There are a few caveats with the TSX wagon versus the sedan: the wagon is only offered with the base four-cylinder paired with a five-speed automatic. The 2013 TSX sedan is offered in a manual for the four-cylinder as well as a V-6 automatic in top trims.

Sport Wagons are firmly back in style, as the new Audi RS4 and RS6 are offered in Avant form only. The new Mercedes-Benz CLS Shooting Brake takes the hot wagon style to a new level with ultra-chic dimensions.

Wagons make sense by maintaining a low center of gravity for better handling while also packing more versatile cargo areas. Additionally, Audi claims that wagons are more stable at ultra-high-speeds versus sedans and coupes by offering a long, flat roof and a chopped rear end.

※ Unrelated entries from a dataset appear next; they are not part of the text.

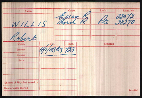 Robert WILLIS was born in Steeple Bumpstead (Risbridge Q1-1897 4A:770), son of Harry and Matilda WILLIS (née WRIGHT).
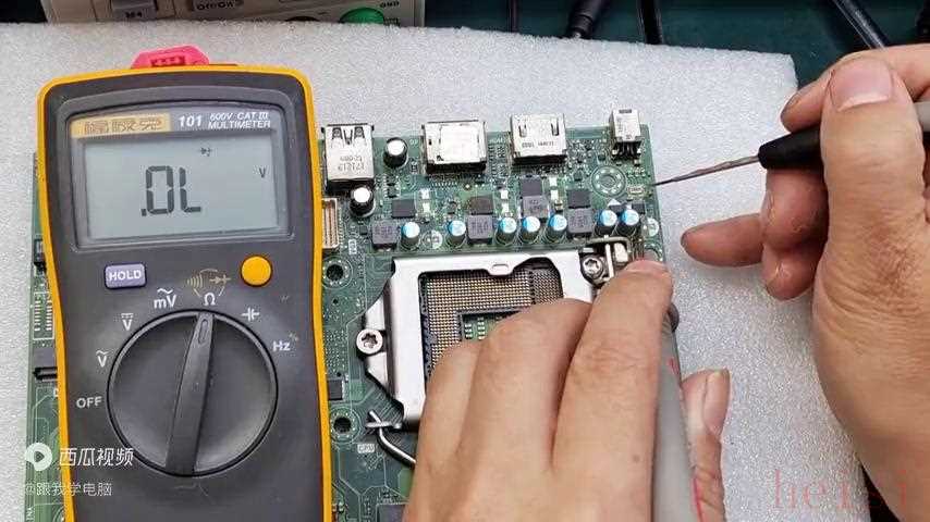 7. 接下來看一下,通過外表來看,沒有發(fā)現(xiàn)有燒毀的痕跡。像這種主板怎么維修?接下來同樣也需要按照筆記本的一些方式,針對這些電感全部測量一次。
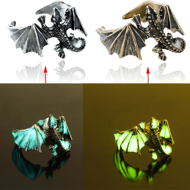 Готические серебристые кольца с драконом, винтажное открывающееся кольцо с животными для мужчин, светящиеся украшения для Хэллоуина, панк, светится в темноте
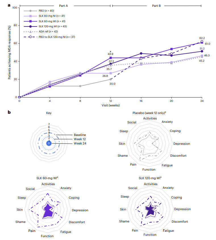 References:McInnes, I.B., Coates, L.C., Mease, P.J.et al.Sonelokimab, an IL-17A/IL-17F-inhibiting nanobody for active psoriatic arthritis: a randomized, placebo-controlled phase 2 trial.Nat Med(2025).https://doi.org/10.1038/s41591-025-03971-6
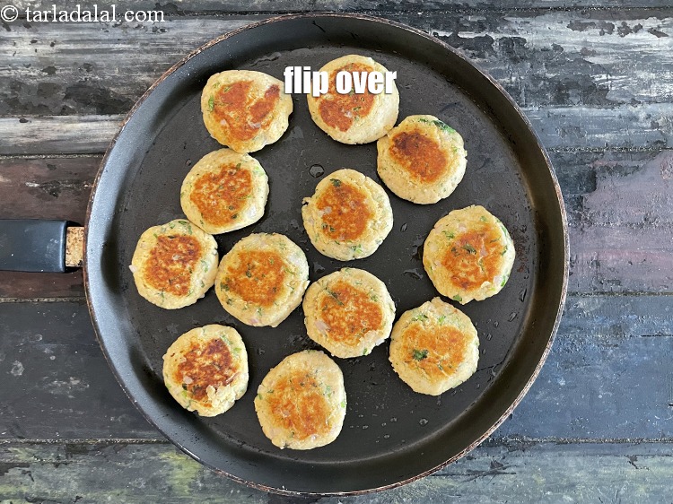 - Cook each tikki on a slow flame, using 1/8 tsp of oil till they turn crisp and golden brown in colour from both the sides.
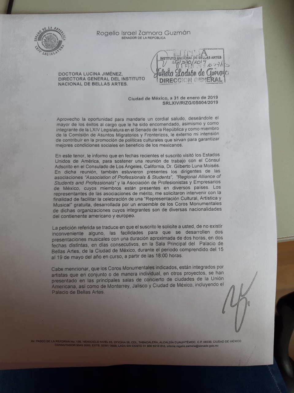 El INBAL pone a disposición de la sociedad la solicitud del senador Rogelio Israel Zamora y la versión pública del convenio correspondiente autorizada por la Subdirección Jurídica del Instituto.
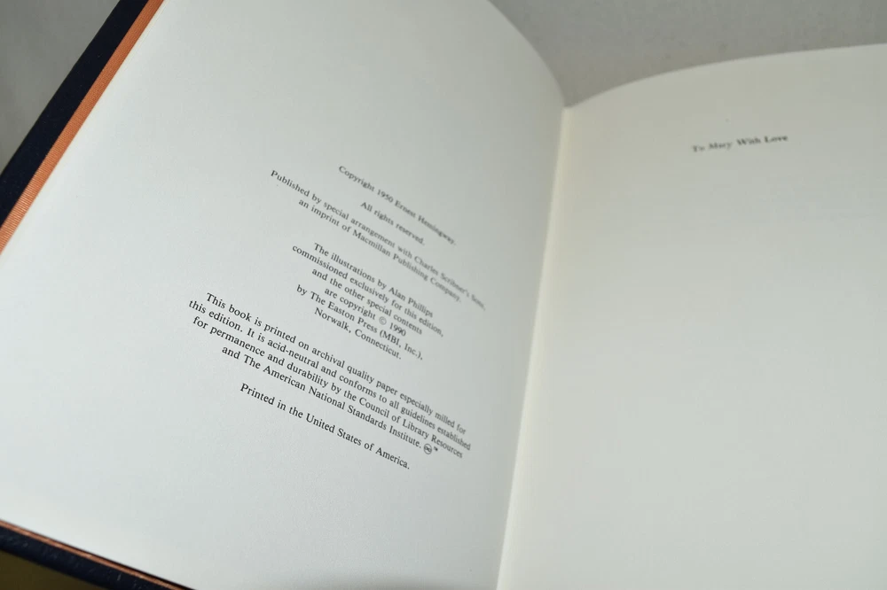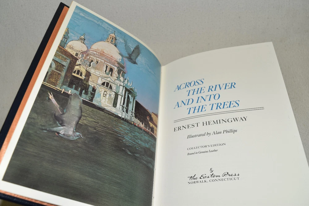 From the Easton Press Collection... Across the River and Into the Trees by Ernest Hemingway Illustration by Alan Phillips C ollector's Edition Copyright 1990 by The Easton Press Bound in Premium Full Leather This volume contains all of the classic Easton Press trimmings: Premium Leather Silk Moire Endleaves Distinctive Cover Design Hubbed Spine, Accented in Real 22KT Gold Satin Ribbon Page Marker Gilded Page Edges Long-lasting, High Quality Acid-neutral Paper Smyth-sewn Pages for Strength and Durability Beautiful Illustrations A very scarce title in any condition, this Easton Press First Limited Edition is in Near Fine - Fine condition. The front and back covers are both in terrific condition and the gilded page edges show minor wear on the top edge (see pictures of all gilt sides). There are no markings, bookplates, or other signs of prior ownership in this book. This book was published by Easton Press and would be a beautiful addition to your Easton Press collection. Hopefully you can add this book to your collection and enjoy it in the years to come... Please Email Me With Any Questions You Might Have! Shipping Info: Buyer to Pay Shipping and Handling International Bidders Pay Extra Shipping Seller Not Responsible For Uninsured Items Lost or Damaged in Mail Forms of Payment Accepted: Paypal Good luck and happy bidding! Powered by eBay Turbo Lister The free listing tool. List your items fast and easy and manage your active items.
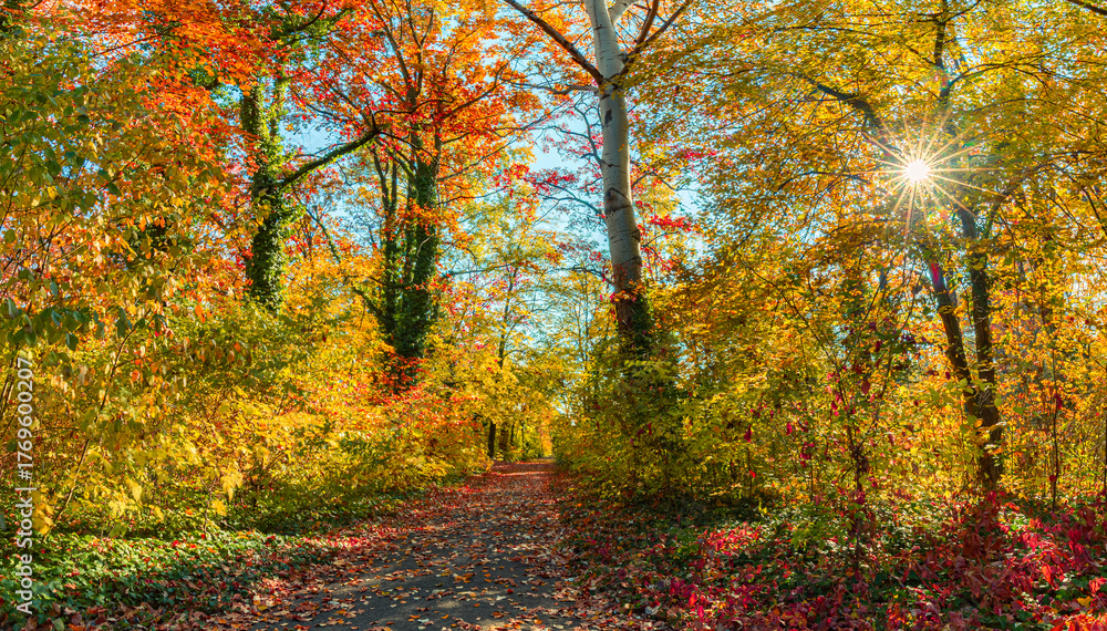 Gorgeous Autumn Forest Trail Landscape with Seasonal Nature Background for Wall Art. Stunning Closeup Colorful Leaves showcase Vibrant Fall Colors. Tranquil Path Scenic Beauty. Perfect Outdoors Nature #1769600207
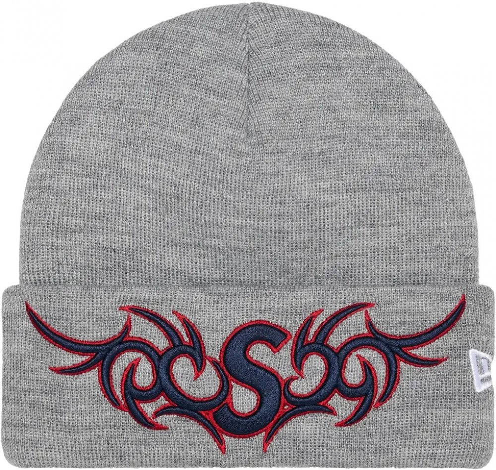 Supreme New Era Tribal S Logo Beanie Heather Grey spojuje klasický šedý úplet s výrazným vyšívaným tribal S logem. Hřejivý a pohodlný materiál doplňuje čistý streetwear styl, typický pro spolupráci Supreme x New Era.
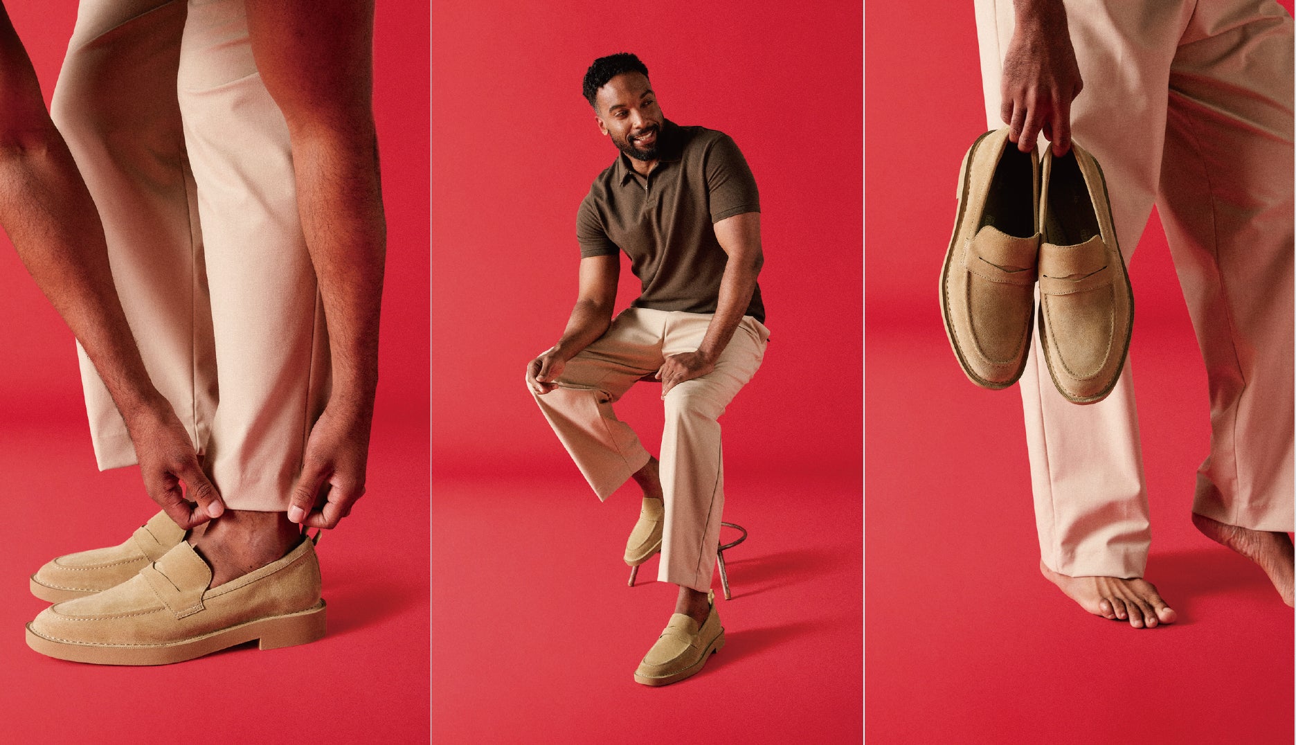 フィットする快適さを実現。アッパーには上質なスエード素材を採用し、ソールには耐久性と安定感の
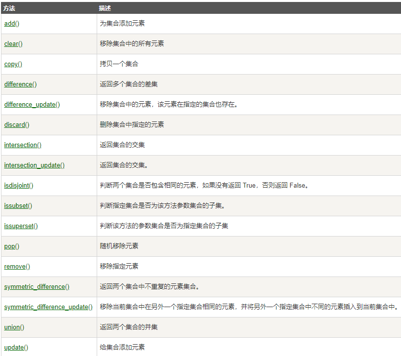 set集合是一个无序的不重复元素集合。可以使用大括号{}或set()函数创建集合;创建空集必须用set()。
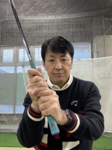 グリップは短く握る。グリップの位置は左足太ももの内側の前付近。
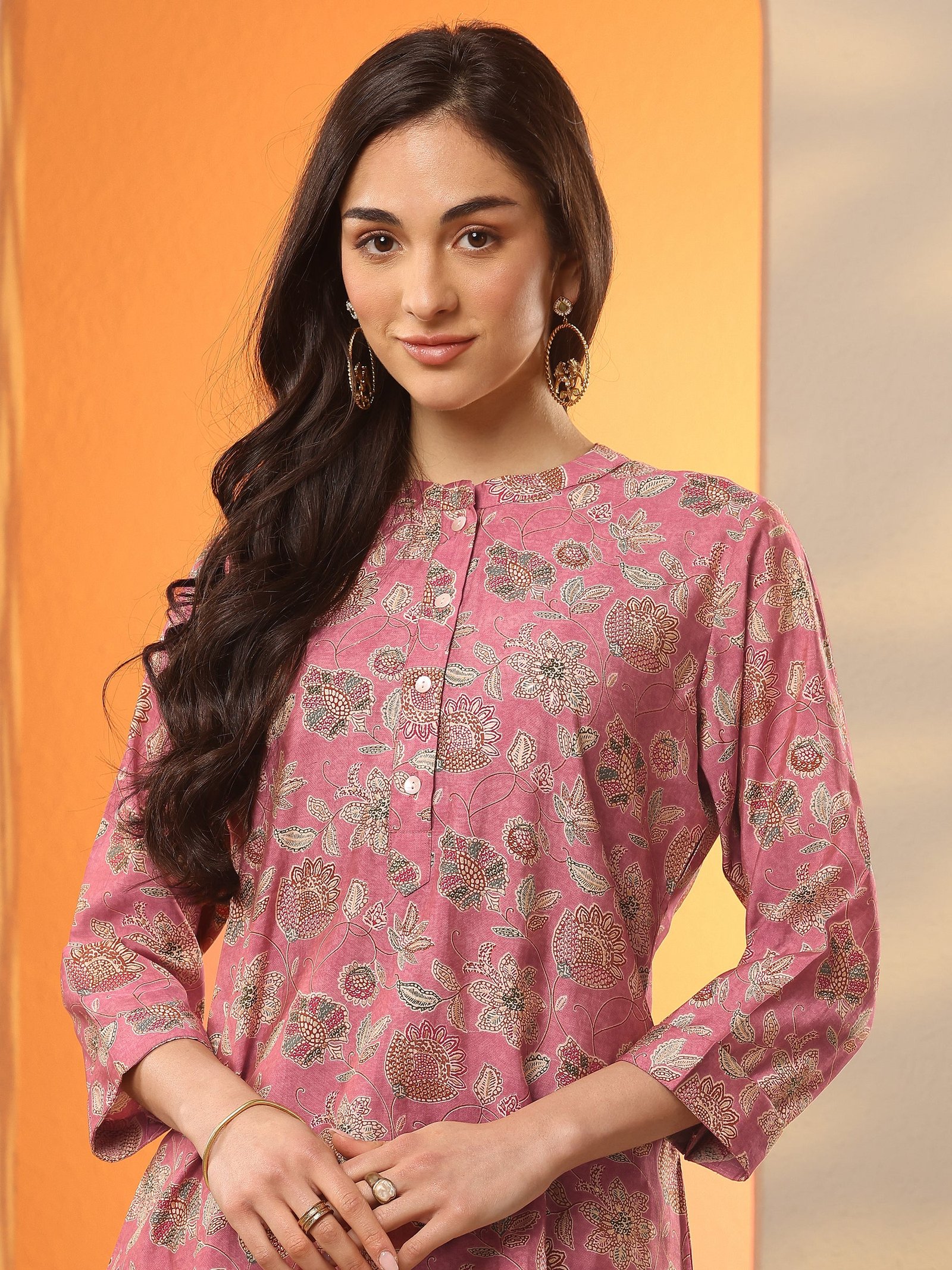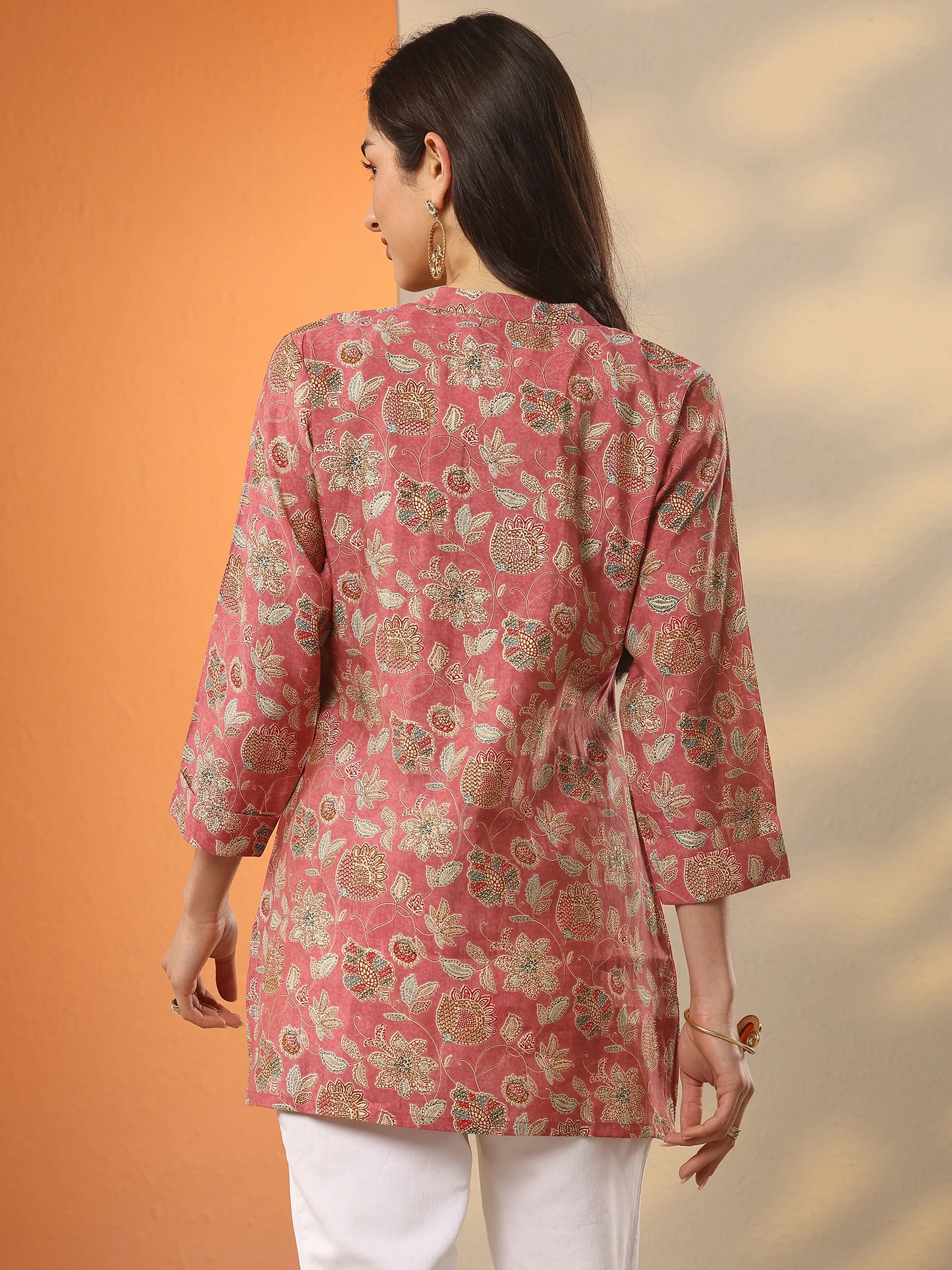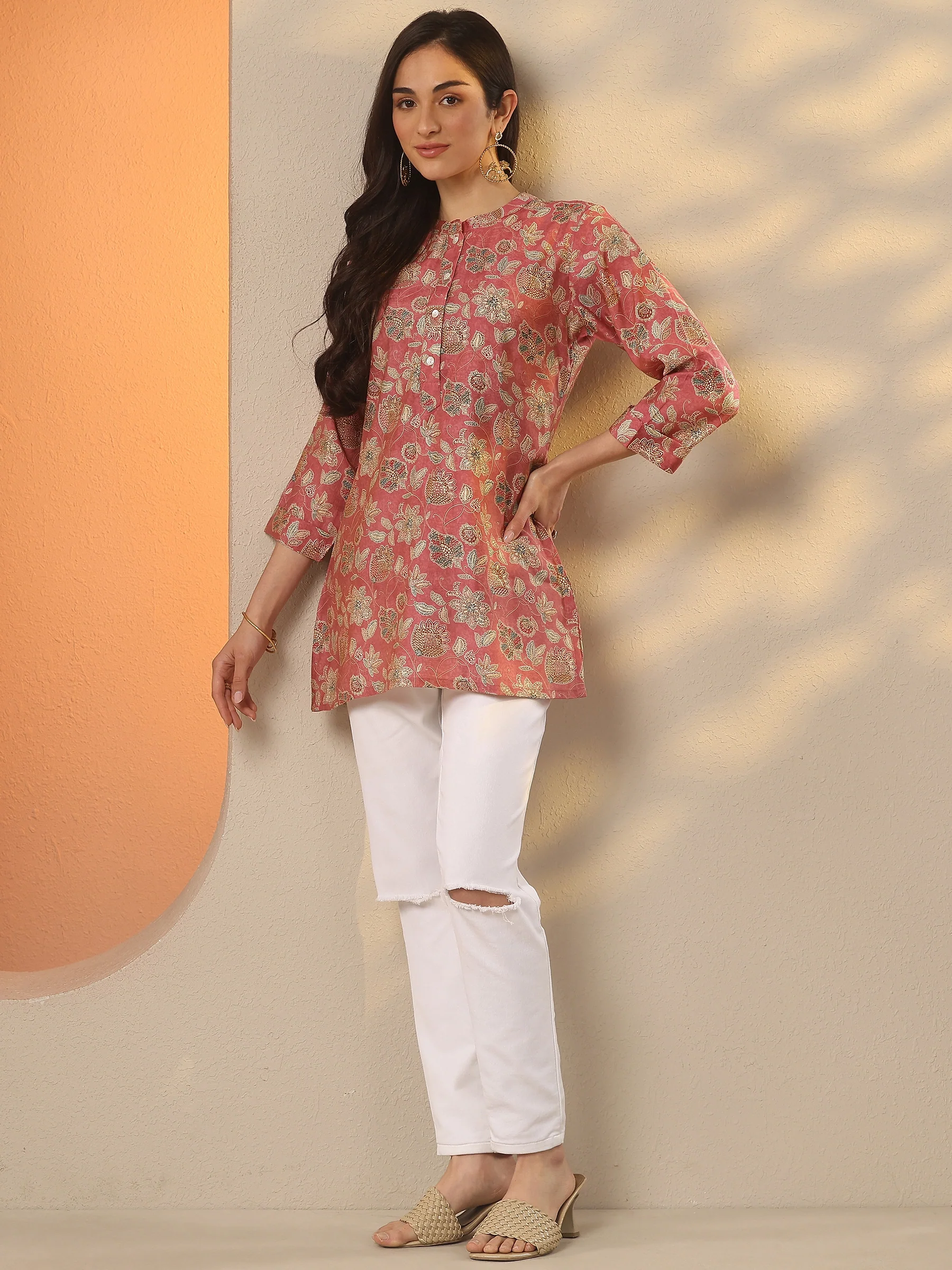 Mustard Printed Silk Blend Anarkali Short Kurti

The TSX wagon emphasizes handling above both acceleration and interior room. Acura owns this segment since all mainstream sedans have ditched their wagon variants. The new Mazda6 may come to the U.S. in a wagon body in mid-2014, but it is not likely due to the Mazda CX-5 crossover’s success with buyers. The only other non-crossover wagon on the sub $40,000 radar is the Volkswagen Jetta SportWagen that looks dreadful but undercuts the TSX in price.

Click past the jump for the full review of the Acura TSX Sport Wagon.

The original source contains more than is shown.